Dover’s David Bateman, head of the NH English Country Dance Society, was at the dance Wednesday. Since retiring from engineering work he came all the way to Plymouth for the first square dance of the year.

“We are trying to restart a dance in Dover,” he said, “it would be a mix of contras, and squares, a little bit of English, a little bit of Scottish, an old style country dance,” he said.

Across New Hampshire, he said there used to be regular dances in town halls but the traditional country gatherings faded. In some small ways they are being revived and those who recall them and know the dances are there to help the next generation.

Eloise Steiner came with her youngest daughter from Lebanon to enjoy the music and did join a square for a bit of dancing. 

She now lives in a nursing home but had a nice night out enjoying the music and the visuals as well as recalling her past dances.

Steiner said she began both square dancing and contra (which is a long line dance) as a young girl in Brattleboro, Vermont. She recalls the hay on the shiny floors of the barns and how the men would go out during intermission to drink beer by their trucks, while the ladies sipped soda pop.

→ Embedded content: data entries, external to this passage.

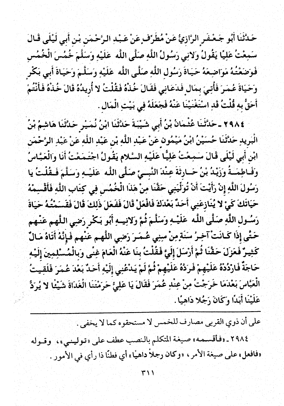 2984 - حَدَّثَنَا عُثْمَانُ بْنُ أَبِي شَيْبَةَ، حَدَّثَنَا ابْنُ نُمَيْرٍ، حَدَّثَنَا هَاشِمُ بْنُ الْبَرِيدِ، حَدَّثَنَا حُسَيْنُ بْنُ مَيْمُونٍ، عَنْ عَبْدِ اللَّهِ بْنِ عَبْدِ اللَّهِ، عَنْ عَبْدِ الرَّحْمَنِ بْنِ أَبِي لَيْلَى، قَالَ: سَمِعْتُ عَلِيًّا عَلَيْهِ السَّلَام، يَقُولُ: اجْتَمَعْتُ أَنَا وَالْعَبَّاسُ، وَفَاطِمَةُ، وَزَيْدُ بْنُ حَارِثَةَ، عِنْدَ النَّبِيِّ صَلَّى اللهُ عَلَيْهِ وَسَلَّمَ فَقُلْتُ: يَا رَسُولَ اللَّهِ، إِنْ رَأَيْتَ «أَنْ تُوَلِّيَنِي حَقَّنَا مِنْ هَذَا الْخُمُسِ فِي كِتَابِ اللَّهِ فَأَقْسِمْهُ حَيَاتَكَ كَيْ لَا يُنَازِعَنِي أَحَدٌ بَعْدَكَ»، فَافْعَلْ؟ قَالَ: فَفَعَلَ ذَلِكَ، قَالَ: فَقَسَمْتُهُ حَيَاةَ رَسُولِ اللَّهِ صَلَّى اللهُ عَلَيْهِ وَسَلَّمَ، ثُمَّ وَلَّانِيهِ أَبُو بَكْرٍ رَضِيَ اللَّهُ عَنْهُ حَتَّى إِذَا كَانَتْ آخِرُ سَنَةٍ مِنْ سِنِي عُمَرَ رَضِيَ اللَّهُ عَنْهُ، فَإِنَّهُ أَتَاهُ مَالٌ كَثِيرٌ فَعَزَلَ حَقَّنَا، ثُمَّ أَرْسَلَ إِلَيَّ فَقُلْتُ: بِنَا عَنْهُ الْعَامَ غِنًى وَبِالْمُسْلِمِينَ إِلَيْهِ حَاجَةٌ فَارْدُدْهُ عَلَيْهِمْ فَرَدَّهُ عَلَيْهِمْ، ثُمَّ لَمْ يَدْعُنِي إِلَيْهِ أَحَدٌ بَعْدَ عُمَرَ، فَلَقِيتُ الْعَبَّاسَ بَعْدَمَا خَرَجْتُ مِنْ عِنْدِ عُمَرَ، فَقَالَ: يَا عَلِيُّ، حَرَمْتَنَا الْغَدَاةَ شَيْئًا لَا يُرَدُّ عَلَيْنَا أَبَدًا، وَكَانَ رَجُلًا دَاهِيًا.
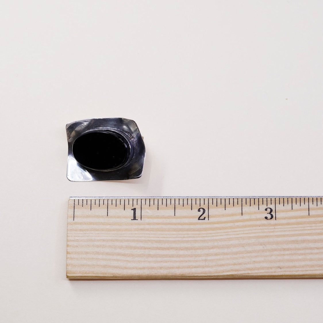 Vintage Sterling silver handmade earrings, southwestern mexico 925 silver studs with oval shaped obsidian, stamped 925 mexico TA-93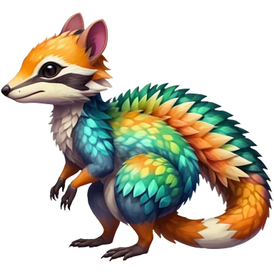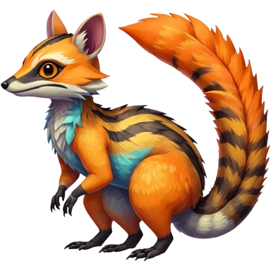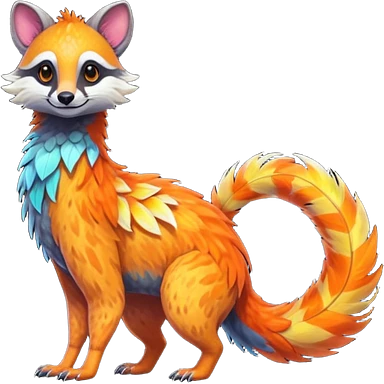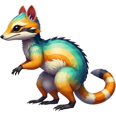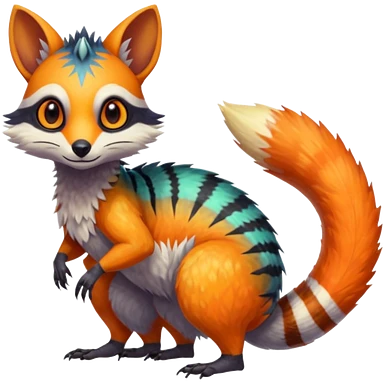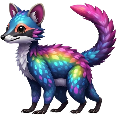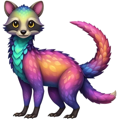 Colorful Fruity Iridescent Warm-colored Tropical Exotic Vernid-Sergal-Trico-Civet-fusion-hybrid-animal-creature, full body emoji

Watching a group of young adults, laughing and trying to follow instructions in front of her as she sat one out, she said “I’m not used to any of this jumping up and down.”

She said there is a cadence and flow to a dance with the music providing a rhythm to the movement and she said the caller was doing a terrific job of combining the songs with the instruction.

Polly Whiteside, one of the organizers, said she was pleased with the turnout for “fledgling dance series.”
Genevieve Howe, another organizer, said she was pleased all comers “were able to experience the overwhelming joy this dance is bringing to so many people throughout Central NH and beyond.

“We are deeply satisfied with the results of our organizing.  Of course, the event would not be what it is without the generosity of the Common Man, an excellent caller, and top notch musicians.  It’s a marvelous confluence of energy, talent, and the Common Man’s commitment to building community and happiness.”